By Sonja Kelly, Director of Research and Advocacy, and Mehrdad Mirpourian, Senior Data Analyst

In 2020, we began a journey to understand algorithmic bias as it relates to women’s financial inclusion. What is it? Why does it matter especially now? Where does it emerge? How might it be mitigated? This topic is especially important as we speed into a digital finance future. Women are less likely to own a phone, less likely to own a smartphone, and less likely to access the internet. Under these conditions, it is not a guarantee that digital credit underwriting will keep women’s digital constraints in mind. We focused our inquiry on the risks of algorithm-based underwriting to women customers. Today, we’re sharing what we’ve learned and where this research is taking Women’s World Banking in the future.

In Algorithmic Bias, Financial Inclusion, and Gender: A primer on opening up new credit to women in emerging economies, we emphasize that finding bias is not as simple as finding a decision to be “unfair.” In fact, there are dozens of definitions of gender fairness, from keeping gendered data out of credit decisions to ensuring equal likelihood of granting credit to men and women. We started with defining fairness because financial services providers need to start with an articulation of what they mean when they say they pursue it.

Pursuing fairness starts with a recognition of where biases emerge. One source of bias is the inputs used to create the algorithms—the data itself. Even if an institution does not use gender as an input, the data might be biased. Looking at the data that app-based digital credit providers collect gives us a picture of what biased data might include. Our analysis shows that the top digital credit companies in the world collect data on GPS location, phone hardware and software specifications, contact information, storage capacity, and network connections. All of these data sources might contain gender bias. As mentioned, a woman has more unpaid care responsibilities and is less likely to have a smartphone or be connected to the internet. Other biases might include the model specifications themselves, based on parameters set by data scientists or developers. We heard from practitioners in our interview sample about mistakes that coders make—either through inexperience or through subconscious biases—that all but guarantee bias in the model outputs. Finally, the model itself might introduce or amplify biases over time as the model continues to learn from itself.

For institutions wanting to better approximate and understand their own biases in decision-making, Women’s World Banking put together a simple tool that estimates bias in credit models. The tool is free and anonymous (we’re literally not collecting any data), and lives here. It simply asks a series of quick questions about a company’s applicant pool and decisions about who to extend credit to, and makes some judgements about whether the algorithm might be biased. We hope this is useful to financial services providers wanting to understand what this topic means for their own work (we certainly learned a lot through creating and testing it with synthetic data).
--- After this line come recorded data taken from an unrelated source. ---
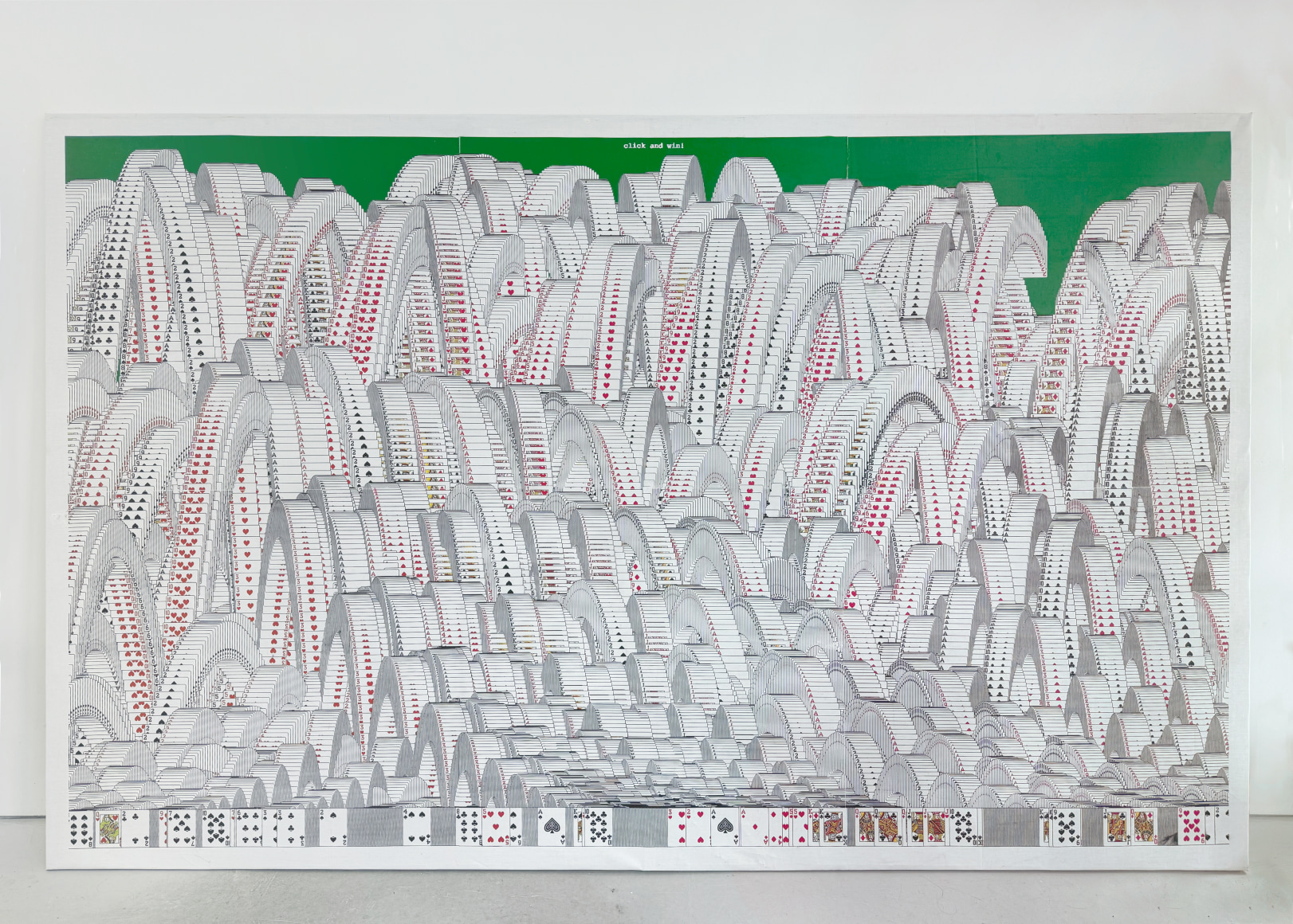 Quan Wenfei, a self-proclaimed “internet archeologist,” is a highly skilled printmaker. Using oil and silkscreen on canvas (a print-making method popularized by Andy Warhol), Wenfei creates unique works based on retro computer games in the 90s from Solitaire to Minesweeper. These witty images comment on how our aesthetics were trained digitally, and document the brief history of the dopamine-feeding machine. With a unique curiosity in the understudied history of the internet, Wenfei continues to dig in the graveyard of 90s aesthetics, arguing for their importance in contemporary behavioral studies. Wenfei wants to be the ultimate “sky-cam,” who observes the observers (the internet).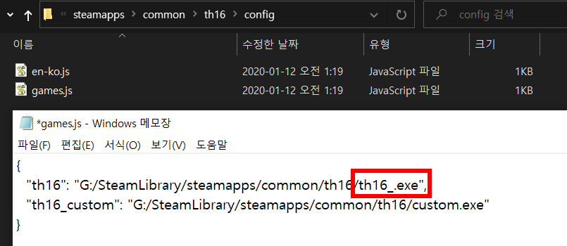 게임의 설치된 폴더에서, config 폴더 아래의 games.js를 열어 th16.exe 부분을 th16_.exe 로 변경하고 저장합니다.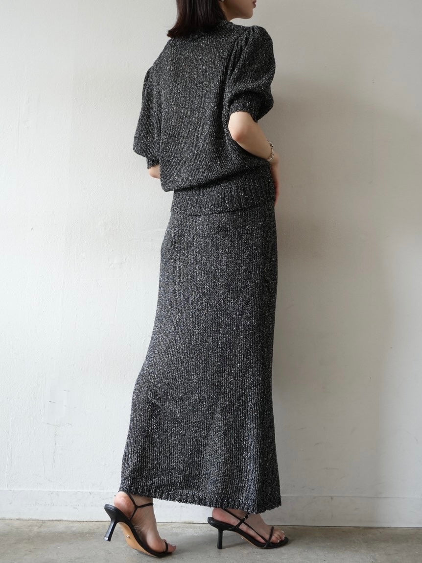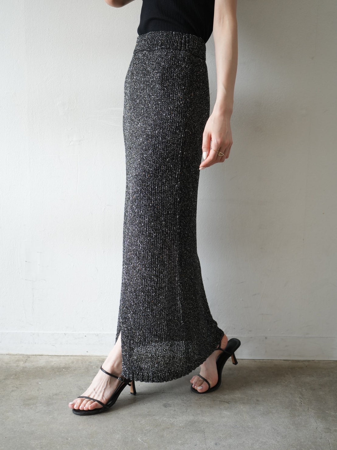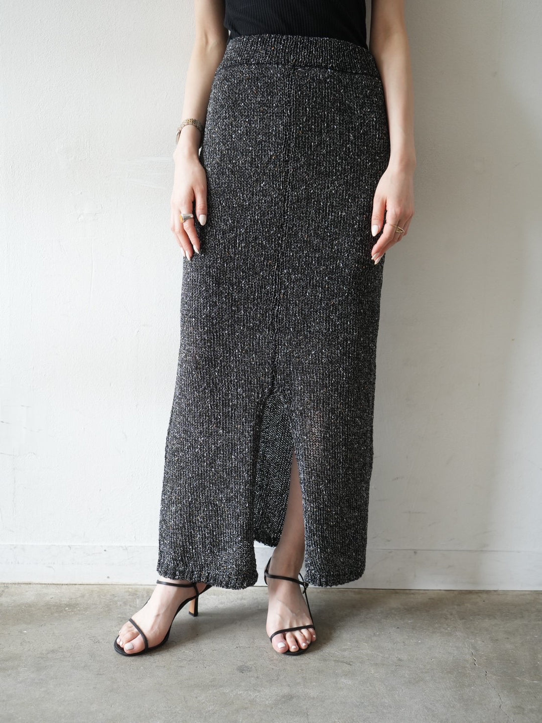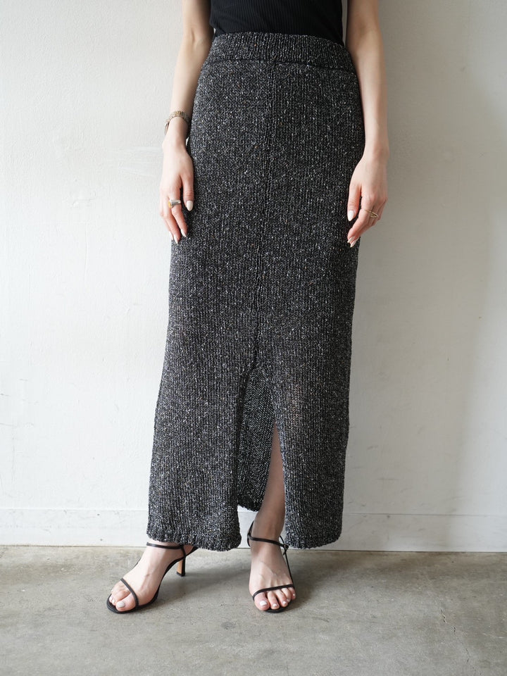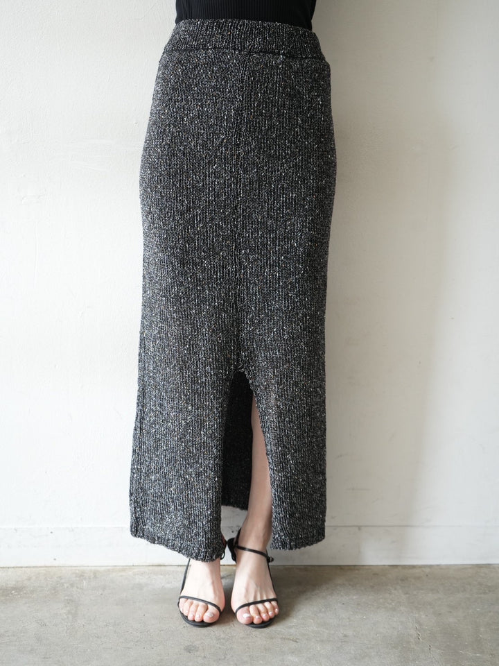[予約]リネンタッチネップニットタイトスカート/ブラック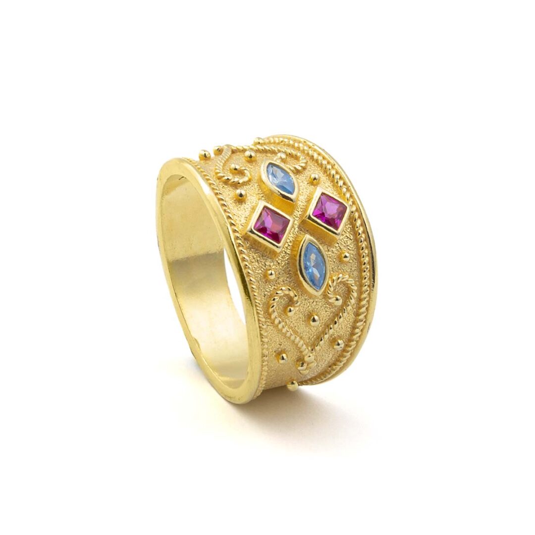 Byzantine Ring with Multicolor Zircon Stone – Sterling Silver and 18K Gold Plating

There are many easily implementable bias mitigation strategies relevant to financial institutions. These strategies are relevant for algorithm developers and institutional management alike. For developers, mitigating algorithmic bias may mean de-biasing the data, creating audits or checks to sit alongside the algorithm, or running post-processing calculations to consider whether outputs are fair. For institutional management, mitigating algorithmic bias may mean asking for regular reports in plain language, working to be able to explain and justify gender-based discrepancies in the data, or setting up an internal committee to systematically review algorithmic decision-making. Mitigating bias requires intentionality at all levels—but it doesn’t have to be time consuming or expensive.

Addressing the issue of prospective biases in lending is an urgent issue for the financial services industry—and if institutions do not do it themselves, future regulation will determine what bias mitigation will look like. If other industries provide a roadmap, financial services should be open and transparent about the biases that technology may either amplify or introduce. We should be forward thinking and reflective as we confront these new global challenges, even as we continue to actively leverage digital finance for financial inclusion.
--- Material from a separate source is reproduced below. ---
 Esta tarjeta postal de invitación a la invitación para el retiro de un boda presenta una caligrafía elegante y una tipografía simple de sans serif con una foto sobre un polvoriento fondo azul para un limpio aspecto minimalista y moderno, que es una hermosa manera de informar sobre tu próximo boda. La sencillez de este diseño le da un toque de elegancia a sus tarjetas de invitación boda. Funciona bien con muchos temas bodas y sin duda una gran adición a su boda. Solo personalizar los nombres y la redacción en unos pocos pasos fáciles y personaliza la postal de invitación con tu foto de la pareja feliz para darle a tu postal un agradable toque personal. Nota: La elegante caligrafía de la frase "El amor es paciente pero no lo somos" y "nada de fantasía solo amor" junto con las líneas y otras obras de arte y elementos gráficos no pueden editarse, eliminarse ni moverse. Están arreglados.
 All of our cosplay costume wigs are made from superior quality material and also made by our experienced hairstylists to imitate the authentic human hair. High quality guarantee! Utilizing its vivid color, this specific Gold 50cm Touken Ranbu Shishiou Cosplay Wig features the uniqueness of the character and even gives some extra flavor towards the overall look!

Women’s World Banking intends to be part of the solution. Thanks to our partnership with data.org, a project of Mastercard and the Rockefeller Foundation, Women’s World Banking is joining with University of Zurich and two of our own Network members to include gender awareness in credit scoring algorithms. This next phase of our workstream on algorithmic bias will help us think about not only how to address bias in algorithms, but how to use technology to analyze new and emerging sources of data to increase inclusion.